This is working fine. Now here's the problem. How can I achieve the reverse of this? How can I supply the equation with an MC's stage _x and _Y and have it figure out what the equivalent x,y and z is in the three dimensional space. Can this be done, or am I out of my tree?

Paul

2. You have two equations and three unknowns - not good.

You'll need some other way to figure out one of the varibles to be solved for; any given point (_X,_Y) on the screen can correspond to any number of (x,y,z) points.

3. thanks - time to go back to school I think :-)

I think I'm going to solve this one by realizing that I need to quantify all MCs within the 3d space that I have created, rather than trying to make some calculations based on 2D screen position, and some on 3D.

4. I do a calculation like this. See my 3D engine at.

http://au.geocities.com/brutfood/

When you drag a new object the scene, or move an object already on the stage - it calculates (x,y,z) from (x,y). I always drag objects onto the z=0 plane. And dragging objects, z doesn't change. That's the trick.

5. Ok, I'm assuming that you are drawing in ISO?

Anyway, first work out the bounding box size of one ISO tile, and work out what one the x and y coords are one (Math.floor(y/isotileheight) ect..) And remember that number

Next, you have to find what region of the rectangle you are in. Imagine that there are 5 regions, the first is the shape of the iso tile, the other 4 are the triangles left around the 4 corners. Work out which reigion of iso tile the point is in (make a dummy off screen and hitTest the four bits, or use algebra) and if it's in the center one, the number's you worked out earlier (x/y of the rectangle) is the tile, if it is top left or bottom right, then subtract or add 1 to the x number from earlier, if it's the top right or bot left, add or subtract one from the y axis

Here's an image

6. Originally posted by scootaboy
this._x = z * sinY + x * cosY;
this._y = y * cosX - (z * cosY- x * sinY) * sinX;
I suppose it is Isometric. The z value (z * cosY- x * sinY) isn't retained to do any perspective calculation or depth/z-buffering.

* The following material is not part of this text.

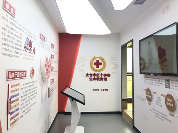 为融合多方资源,融合中心工作,融合多元力量,太仓规划建设了城市党建融合服务中心,建筑面积1500平方米。太仓市红十字生命教育馆位于服务中心的三楼,馆内展区介绍了红十字运动历史知识、红十字工作职责,以及心肺复苏、海姆立克等常见急救知识,同时配置了电子触摸屏、模型、急救包展示区域,通过寓教于乐的形式传播红十字理念和救护知识。教育馆隔壁配套安排了一大一小两个多功能会议室,为推进应急救护培训、安全体验和红十字传播提供了有利条件。
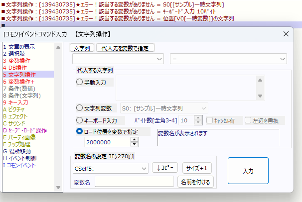 ●【文字列操作/仕様変更】隠しコードの「<<DELETE_EVENT_ID>>」と 「<<SET_EVENT_NAME_ID=?>>」に成功したとき、 「<<OK>>」でなく「1 <<OK>>」を返すように修正 → 成功時は数値変換時に「1」を得られるようにする原則に反していました。 → なお、失敗時は数値変換したときに「0」または「-1」を得られるのが標準動作です。 (たとえば<<Error>>文字列を数値変数に入れると「0」扱いになります)

I found a piece of code I wrote a while back. I'm not sure it's any use to you. I don't use it any more. I can't even remember how it works - but looking at it, I think I know what's going on. The principle was that it went back from 3D coordinates to 2D coordinates. It assumed that the variables sinx,siny etc.. were already set, as you have set them. It undid the perspective transformation first (not applicable to you), then it undid the rotation:-

function unrotate(A,B,si,co) {K=si/co;return (A+K*B)/(K*si+co)}

function to3d(xx,yy,zz,i) {
yy=yy*(zz+512)/viewport;
xx=xx*(zz+512)/viewport;
xx0=unrotate(xx,yy,sinz,cosz);
yy0=unrotate(yy,-xx,sinz,cosz);
X[i]=unrotate(xx0,zz,siny,cosy);
zz1=unrotate(zz,-xx0,siny,cosy);
Y[i]=unrotate(yy0,zz1,sinx,cosx);
// Z[i]=unrotate(zz1,-yy0,sinx,cosx)
}

I'm not sure whether this is equivalent, more complex or less complex than Ed's solution.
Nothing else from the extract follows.